Chapter 7 Creating New Functions

Keyword Action
def Defines new function
return Returns value at the end of function
from Gives name of an external file
import Brings in functions from an external file

You have been using many Pythons functions, such as range(), sort(), etc., to improve your code. Internally, a function is block of code with a given name. When you use a function (e.g. range(4)) within your code, Python executes the corresponding block of code and returns the result. That way your code stays small and readable.

Apart from the in-built functions Python provides you with, you can also create your own functions. Here is an example.

Code -

def square(x):
    return x*x

print(square(2))
print(square(3))

The keyword ‘def’ gives name to a function, and the variables within the parenthesis are its parameter. The block of indented code following def represents the code of the function, and the ‘return’ statement gives its return value to be used by the main program.

Here, you created a function named ‘square’ that takes only one parameter x. Internally, this function computes x*x and returns the result. Whenever you use square() in your main code, Python runs the block of code from its definition to get a result.

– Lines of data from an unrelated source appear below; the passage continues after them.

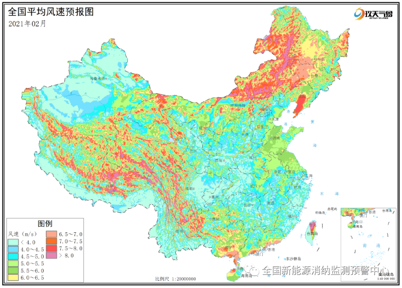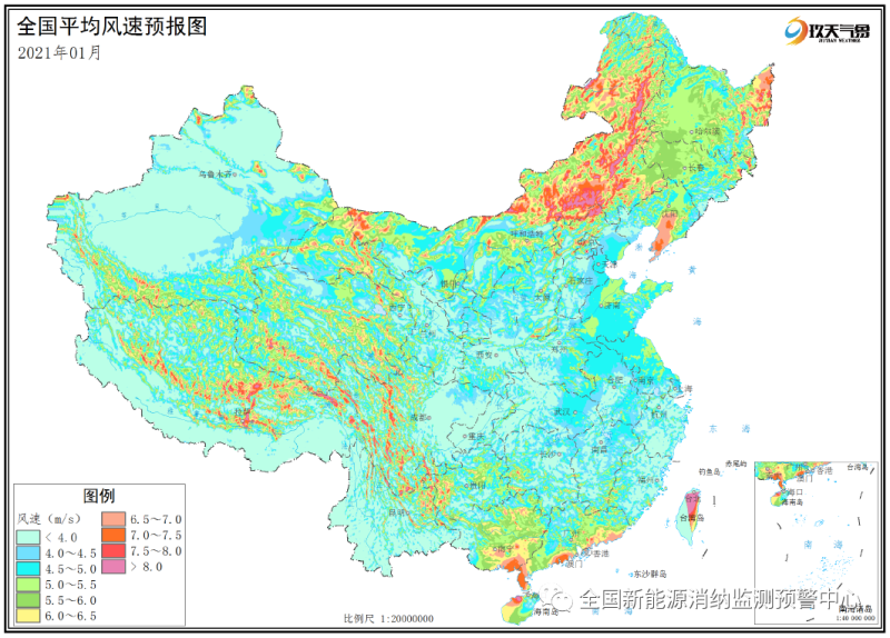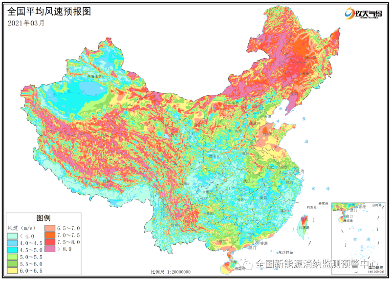 根據(jù)中國氣象局預(yù)測,風(fēng)能資源方面,2021年一季度隨著月份遞增,全國大部地區(qū)風(fēng)速呈增大趨勢,風(fēng)速在3.6m/s~7.2m/s之間。風(fēng)速低值區(qū)一般位于新疆西部和中部、西藏南部、西南地區(qū)東北部和南部等地,平均風(fēng)速一般低于4.0m/s;風(fēng)速高值區(qū)主要位于東北、西北東部的部分地區(qū)、青藏高原、川西高原、云貴高原等地,平均風(fēng)速達(dá)到6.0m/s以上。
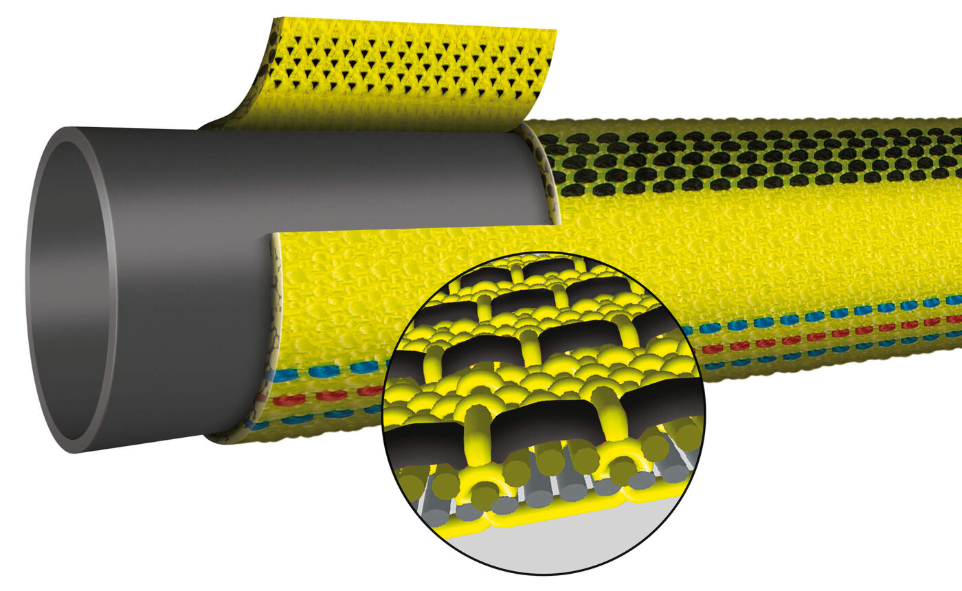 Die aus zwei Lagen ineinander verwebte Schlauchwand des INTRAX erhöht die Abriebbeständigkeit und den Schnittschutz und ist trotzdem leicht, wie ein herkömmlicher Feuerwehrschlauch.
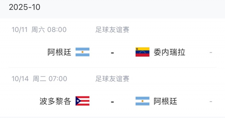 阿根廷將于10月11日對(duì)陣委內(nèi)瑞拉,在14日對(duì)陣委內(nèi)瑞拉。
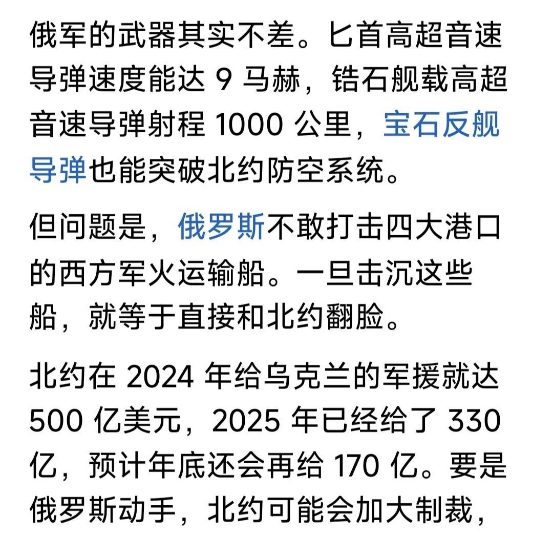 看过这篇文,苍狼犯嘀咕:俄为何不炸乌外援港口与运输线?网友报道,乌接受外援通道,主要有“四港两线”: “四港”指乌现在四个重要港口:南方港,黑海港,雷尼港与敖德萨港。主要接受来自美欧G7五眼海运援助物资。 “两线”指欧洲经由波兰与罗马尼亚,通往乌克兰的铁路公路与空中航线。主要接受北约欧盟G7五眼武器弹药。 报道称乌“四大港口”中,以敖德萨港最忙。仅8月就有120艘美欧货轮进出,为乌输送军工军火武器弹药等。 两条“空陆运输”通道,以波乌线为主,罗乌线为辅。波兰热舒夫空军机场,每周至少8架次美军大型运输机降落,其他北约国家,还有超过15架次。 这些运输机载重量80吨。每周超20多架次,能运多少武器弹药?这只是波乌线数字,还有罗乌线呢!这些装备卸下飞机,再经铁路公路输送至乌。 正是由乌“四大港口”“两条通道”,源源不断接受美欧北约,G7五眼的军事援助,才让乌有底气与俄抗争啊! 苍狼有点不解的是:乌“四大港口”就摆在那里,还有“波乌”“罗乌”两条陆地援乌物资运输线,俄为什么不炸呢? 是严密监控之下,战机无法出动轰炸?还是导弹生产跟不上,导致数量不够?或者是缺少远程无人机?对美欧援乌船只与飞机不敢打,怕事情闹大? 这种“狗咬狼两害怕”,造成俄乌双方的“消耗战”!目前战争已打三年,两国各自伤亡百万,损耗物资无计。若不能停战,继续打下去还要损耗多少? 目前双方仍在较劲!普皇希望美欧首先挺不住,减少援乌导致其崩溃!美欧支持乌打击俄纵深目标,甚至不排除进一步严厉制裁,造成俄经济崩溃? 目前看局势进展,双方想实现目标都不容易!停战实现不了,只能继续打?战争手段加制裁,能解决问题吗? …………
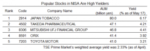 QUICK compiles a ranking of NISA accounts at online securities companies in terms of assets under management at the end of each month. As of the end of March, Japan Tobacco (JT, 2914) ranked first with JPY80 bn, followed by Takeda Pharmaceutical (Takeda, 4502) with JPY47.1 bn and Mitsubishi UFJ Financial Group (Mitsubishi UFJ FG, 8306) with JPY46.8 bn.
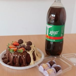 Bolo vulcão duo(ninho e chocolate)1kg,River 2L e 4 brigadeiros.
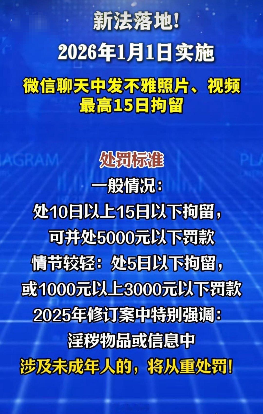 重点提醒:【明年起向好友发淫秽信息违法】微信发淫秽小视频给好友构成犯罪 从2026年1月1日 起,新修订的《治安管理处罚法》将正式施行。其中最大的变化是:删除了传播场景的限制。明年起发淫秽信息违法这意味着,无论是在公开群聊,还是一对一私聊(微信、QQ等),只要利用网络传输淫秽信息,一旦查实,都将面临法律制裁。这打破了以往“私下传播只是道德问题”的认知误区。️ 法律后果:分清“行政违法”与“刑事犯罪”根据情节轻重,法律设置了两道门槛,请务必注意区分:1. 行政处罚(情节较轻)只要是利用网络、电话等工具传播淫秽信息,无论公私场合:处罚: 处 10日以上15日以下拘留,可以并处 5000元以下罚款。情节较轻: 处 5日以下拘留 或 1000元以上3000元以下罚款。2. 刑事犯罪(情节严重)如果行为达到“情节严重”标准,或者以牟利为目的,将面临牢狱之灾:非牟利但数量大: 例如向他人传播淫秽视频数量达一定标准(如40个以上),或建立主要用于传播的群组(成员30人以上),构成传播淫秽物品罪,最高可判2年。以牟利为目的: 例如通过“众筹合购”、打赏链接、直播收费等方式传播,构成传播淫秽物品牟利罪。获利5000元以上即可定罪,情节严重的(如获利3万-5万元以上),量刑将大幅加重,最高可至无期徒刑。️ 特别警示:这些角色也跑不掉除了直接发送的人,以下情况同样面临法律风险:群主/管理员“不作为”也是犯罪:如果你是群主,明知群内有人发“黄”却不管理(不踢人、不删帖),被视为放任违法。一旦群内传播数量较大,群主将与传播者一同被追究刑事责任。涉及未成年人将“从重处罚”:如果传播的内容涉及未成年人,或者向未成年人传播,法律将从重处罚。这是法律划定的绝对红线。真实案例警示私聊转发被判刑: 广东惠州一名男子仅因给好友微信转发了54个淫秽视频(未牟利),就被法院以传播淫秽物品罪判刑。群主放任获刑: 广东清远三名QQ群管理员,因放任400多人的群内传播200多部淫秽视频,分别被判处 10个月至1年 有期徒刑。一句话总结: 网络空间不是法外之地。从2026年起,即使是私下发给好友,只要传播了,就是违法;如果数量多或为了赚钱,就是犯罪。请洁身自好,远离法律红线。专栏 · 乱相百态 | 社会热点 | 改开隐患
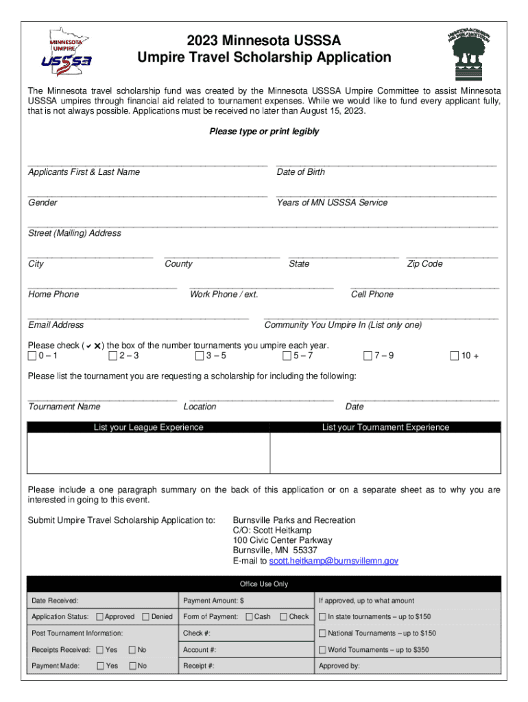2023 Minnesota US SSA Umpire Travel Scholarship Application The Minnesota travel scholarship fund was created by the Minnesota US SSA Umpire Committee to assist Minnesota US SSA umpires through financial
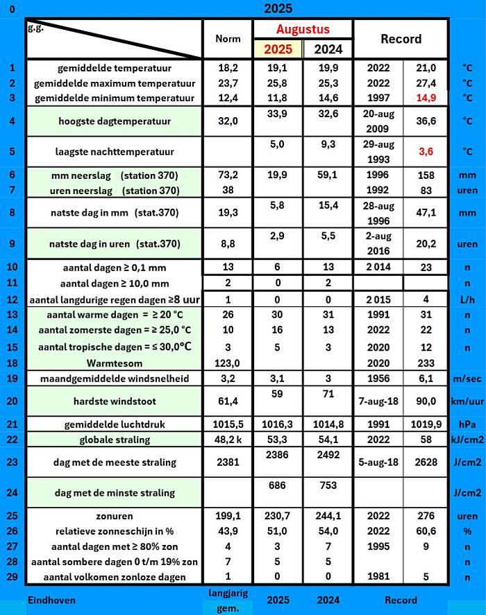 Weerhistorie: het weer van augustus 2025 in de regio Eindhoven.
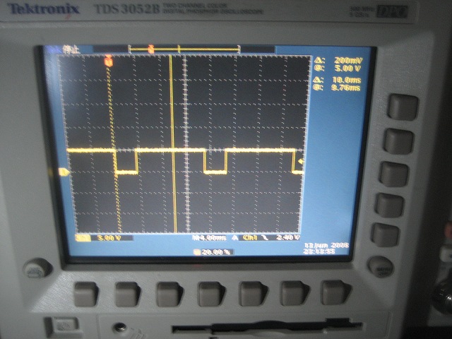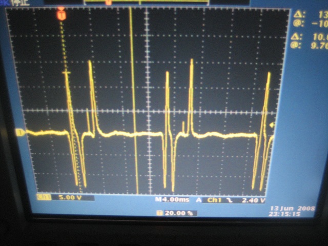 これが実際のエンジン波形を回路で半分にして出力した値です。実はこれでは動きませんでした・・・。
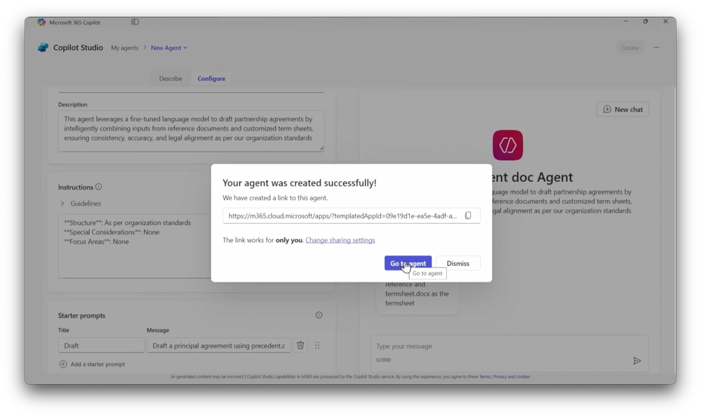 -And next, I can specify additional instructions as guidelines to provide more context to the agent, as I’m doing here to ensure the structure aligns with our organizational standards. Because this is a very specific agent to write partner agreements, I’ll just specify one starter prompt with details for referencing a precedent source document to start with and a term sheet to get specific new information from, kind of like we saw before. Now, the preview on the right looks good, and I can create the agent right from here. For sharing, permissions also need to align with whoever my task-specific model was shared with, which, as you’ll remember, again, was our audit team. In this case, for my own validation, I’ll select only you so that I can test it before sharing it out with other auditors on my team.
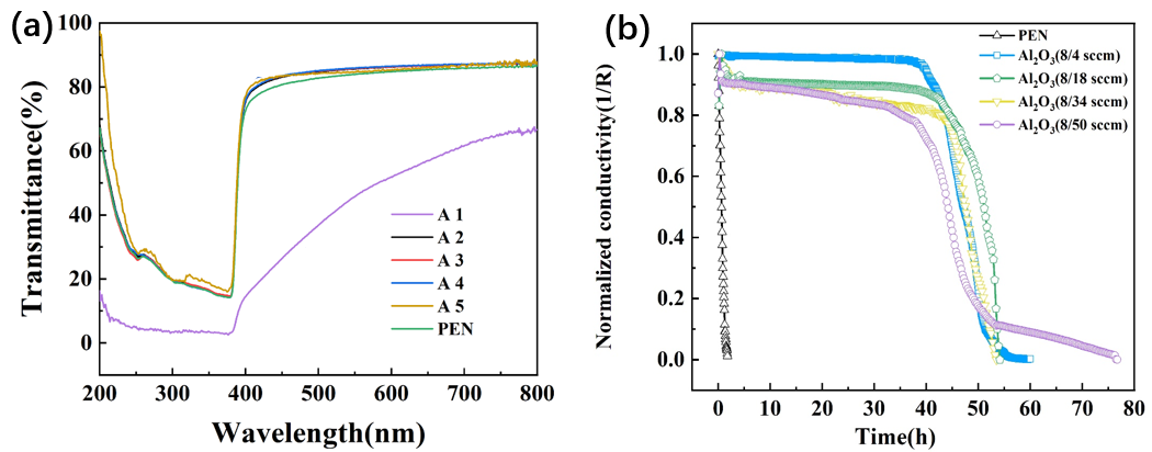 图2.(a)不同O₂气流量下制备的Al₂O₃薄膜的透光度,(b)不同O₂气流量下制备的Al₂O₃薄膜以及PEN薄膜封装下的Mg膜电导衰退曲线

7.1 Code Flow with Functions

We need to also make clear that your main code consists of all lines after excluding the def blocks. The standard linear flow of execution from top to bottom does not hold for the functions. Let us illustrate the point with two codes.

Code 1 -

i=2
j=3

def square(x):
    print("inside",i,j)
    return(x*x)

print(square(i))
print(square(j))

Code 2 -

def square(x):
    print("inside",i,j)
    return x*x

i=2
j=3
print(square(i))
print(square(j))

You will see that both produce the same output. You may find that odd, because i and j are not defined before the function in the second case. How does the function know their values?

They work identically in both cases, because Python isolates the def block and keeps it separately. Then it takes the remaining lines and executes the code from top to bottom. Hence, i and j are already defined by the time the function square is called.

7.2 Providing Default Parameter

Code -

def square(x=1):
    return x*x

print(square())
print(square(2))
print(square(3))

The above code gives default value of 1 to the parameter x. When the function square() is called without any number, Python uses the default value to print 1*1.

7.3 Write a function to compute Fibonacci numbers.

def fibonacci(n, first=0, second=1):
  while n != 0:
    print(first)
    n, first, second = n - 1, second, first + second # assignment


print(fibonacci(10))

7.4 Recursive Functions

7.5 Importing Functions from a File

You learned in the previous section that Python separates out the function definitions, while executing the code. To keep the code readable, programmers often prefer to write the function definitions is a file separate from the main program. How does one run such multi-program code? We will learn that here by creating two files - ‘names.py’ for functions and ‘code.py’ for the main code. You cannot do this in the sandbox.

In file names.py, type -

def square(x=1):
        return x*X

def cube(x=1):
    return x*x*x

In code.py -

#from names import square
from names import *

print(square(2))
print(cube(2))
print(cube(10)/square(10))

Both files need to be in the same directory. When you run code.py, it will automatically incorporate the functions ‘square’ and ‘cube’ from names.py.

Note: import x vs from x import *

We will separate our code into two files and see how they run. You cannot do this in the sandbox.

In file other.py, type -

print("code in other file")

In main.py -

import other

print("code in main file")

Both files need to be in the same directory. When you run main.py, it will automatically include the code from ‘other.py’ and run it.

print("code in main file")

import other

The main purpose of import is to separate function definitions in a separate file. Import from external file happens only once.